Смерти нет

Наруто его назвали потому, что мать любила выбираться в горы, где водопад взбивал пушистую пену, превращаясь в круговорот*.

Она считала, что это похоже на жизнь: такая же цикличность, куда тебя затягивает на раз, а вот выбраться уже трудно.

Наруто не жаловался. Это не его прерогатива. Руки в ноги и — вперёд. Покорять вершины так, чтобы без цикличности и круговоротов, а то слишком примитивно, даже пресно.

У него девятнадцатое лето, россыпь ржаных веснушек и глубокие глаза, в которых плещется синяя волна северного океана. Если улыбка, то только в тридцать два — по-другому не умеет, и ему от этого хорошо.

Хорошо смеяться над шутками соседских детей, хорошо есть мороженое на палочке, хорошо часто моргать, когда серебристая пыль летит прямиком в лицо, застывая в пушистом веере ресниц. Всё это хорошо и так обыденно, что попроси Наруто так не делать – он не поймёт. Посмотрит только, да пожмёт плечами. А там снова хорошо.

И мир ему прекрасен, и рубашка полосатая (нашёл в шкафу, да и то случайно — забыл), и песочный торт: сухой как пустыня где-то на юге, и кислый сок из домашних яблок.

И говорит он, как всё удивительно. Говорит, мама снова встала не с той ноги — левой — поэтому он всегда встаёт с правой, чтобы день вышел удачливый и нога была та. Говорит, папа снова читает газету, вон ту, что принёс сегодня почтальон — хрустящую и отчётливо пахнущую типографией. Потом улыбается как обычно — открыто, широко, искренне.

В банках тридцать три сорта чая, на вкус и цвет — подходи, выбирай.
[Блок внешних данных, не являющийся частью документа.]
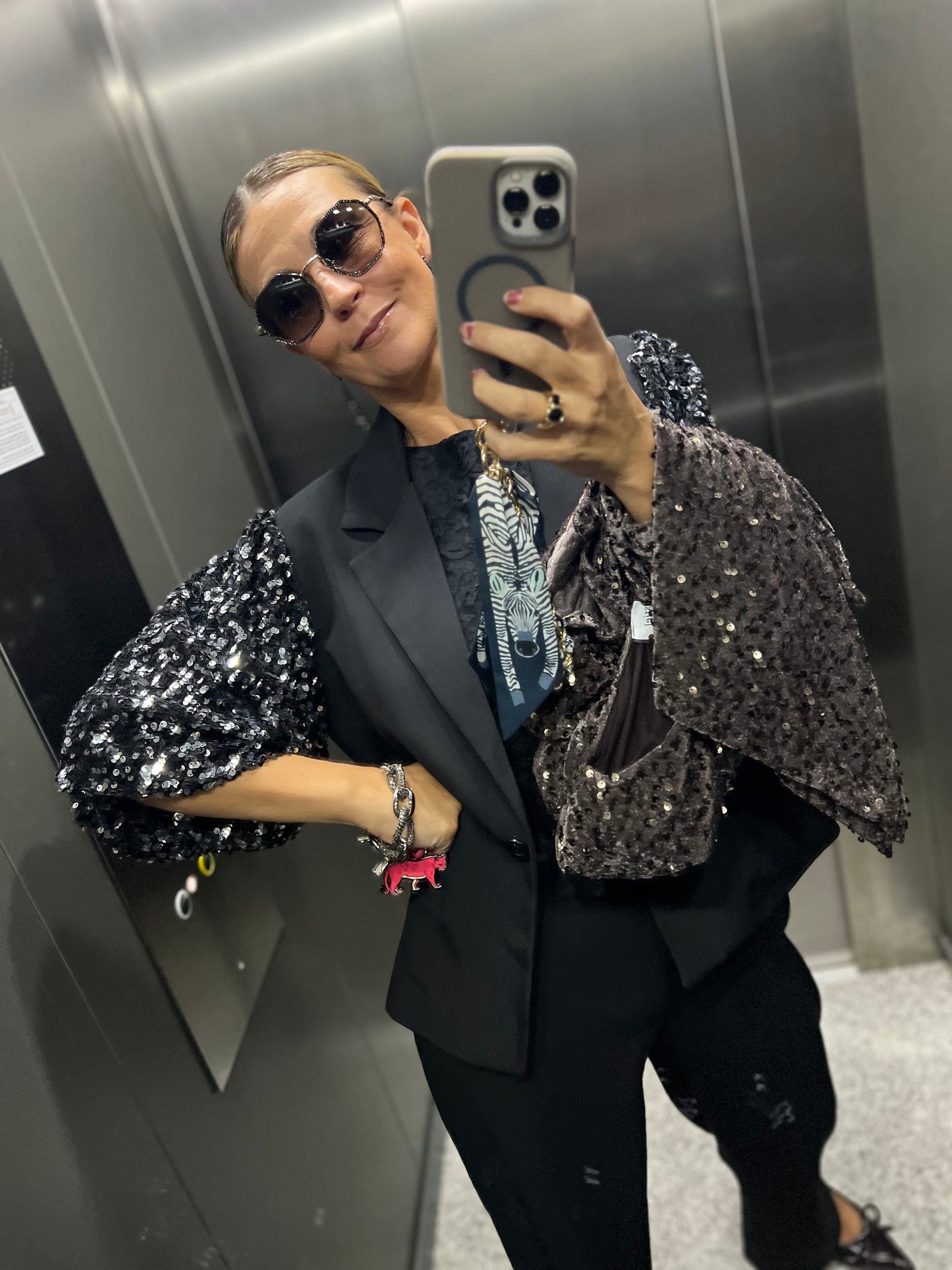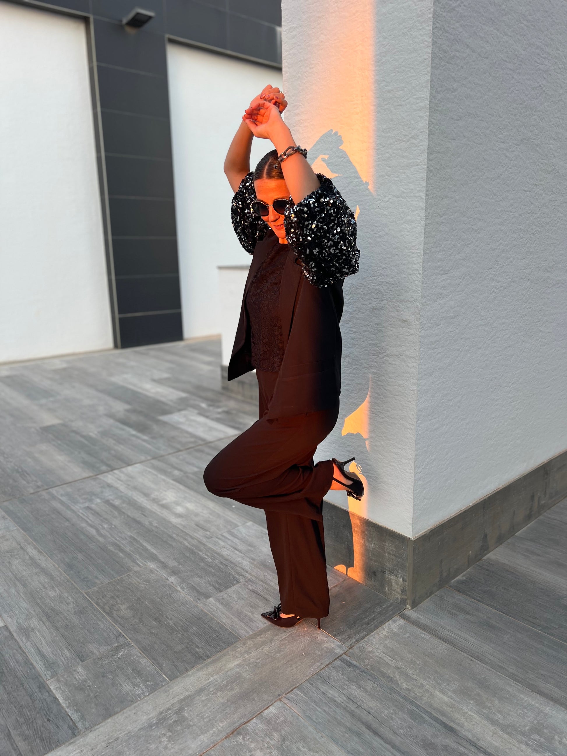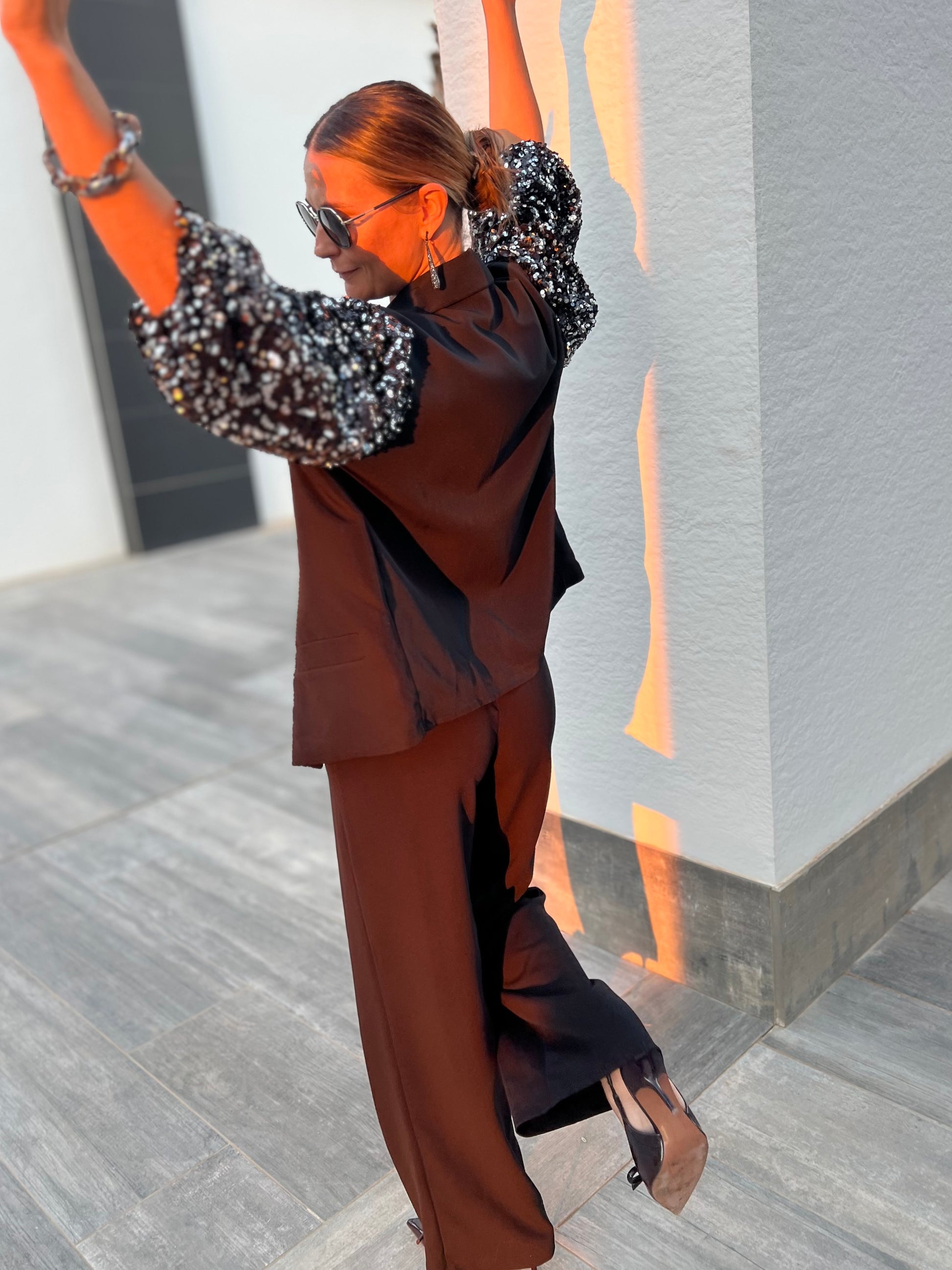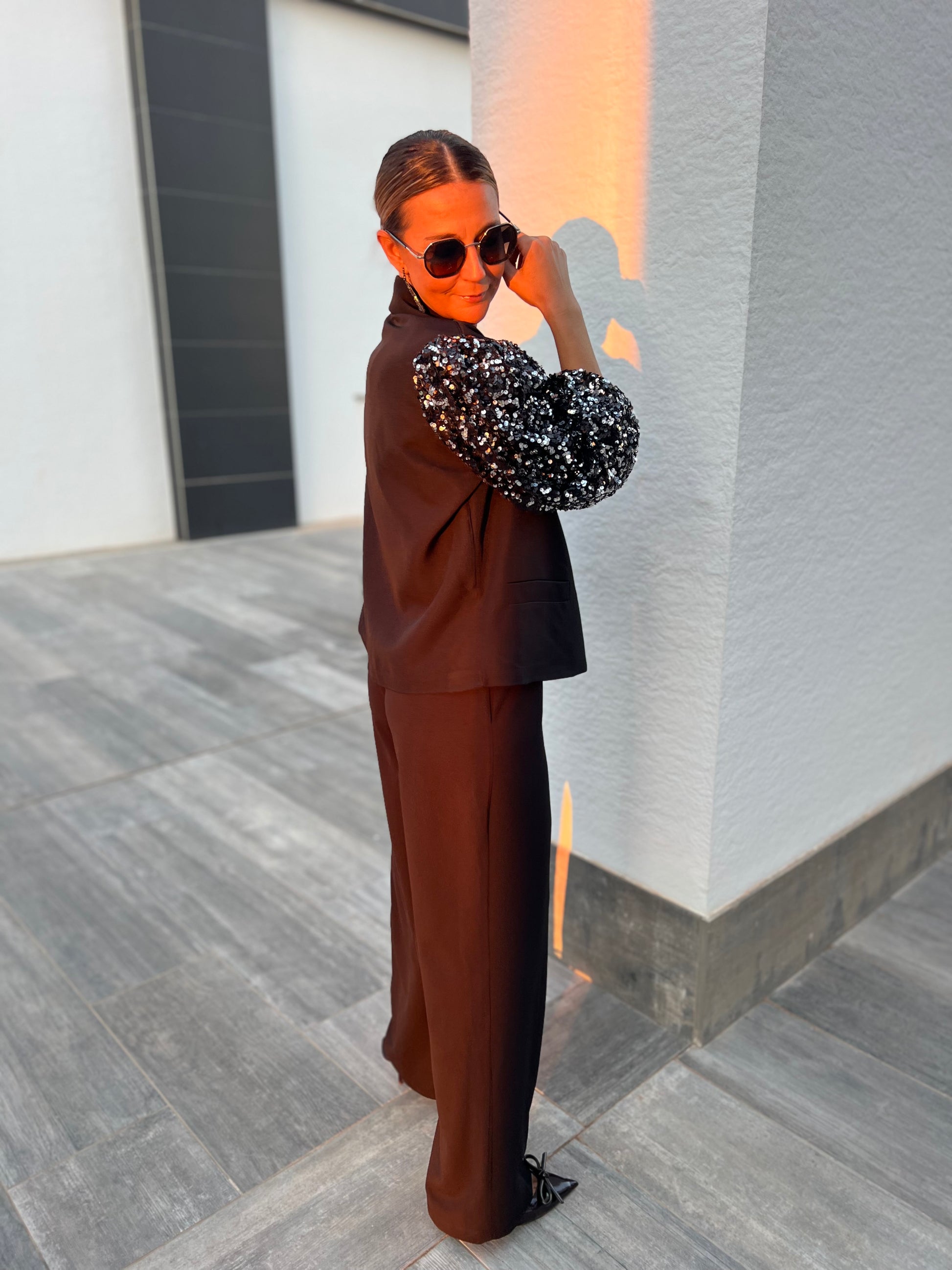 Feestelijke blazer met glinsterende 3/4 ballonmouwen.

На столе появляются: блюдце, чашка, ложка чайная, а не как-нибудь иначе, и обязательно салфетка с кружевным орнаментом — и всё белое, как первый снег; нарядное, что пить чай становится приятно вдвойне.

Наруто льёт питьё в чашки, смотрит, а там круговорот. Чёртова цикличность, думает он. И бросает чайничек на свежую скатерть, на которой расползается бордовое пятно.

Вот рана, вот кровь. А вот безупречная сервировка стола. И нет уже никакого хорошо, есть плохо и разбитая крышечка чайника.

Голубые картонки застывают без привычного блеска, улыбка ломается в болезненном изломе и вот оно – плохо, что руки нервно комкают рубашку. И она становится такой мятой, что на его худом теле смотрится теперь несуразно, как на вешалке.

И он шепчет, что всё не так, ошибка вышла, смеётся нервно, даже рвано, как ишак в пути на гору.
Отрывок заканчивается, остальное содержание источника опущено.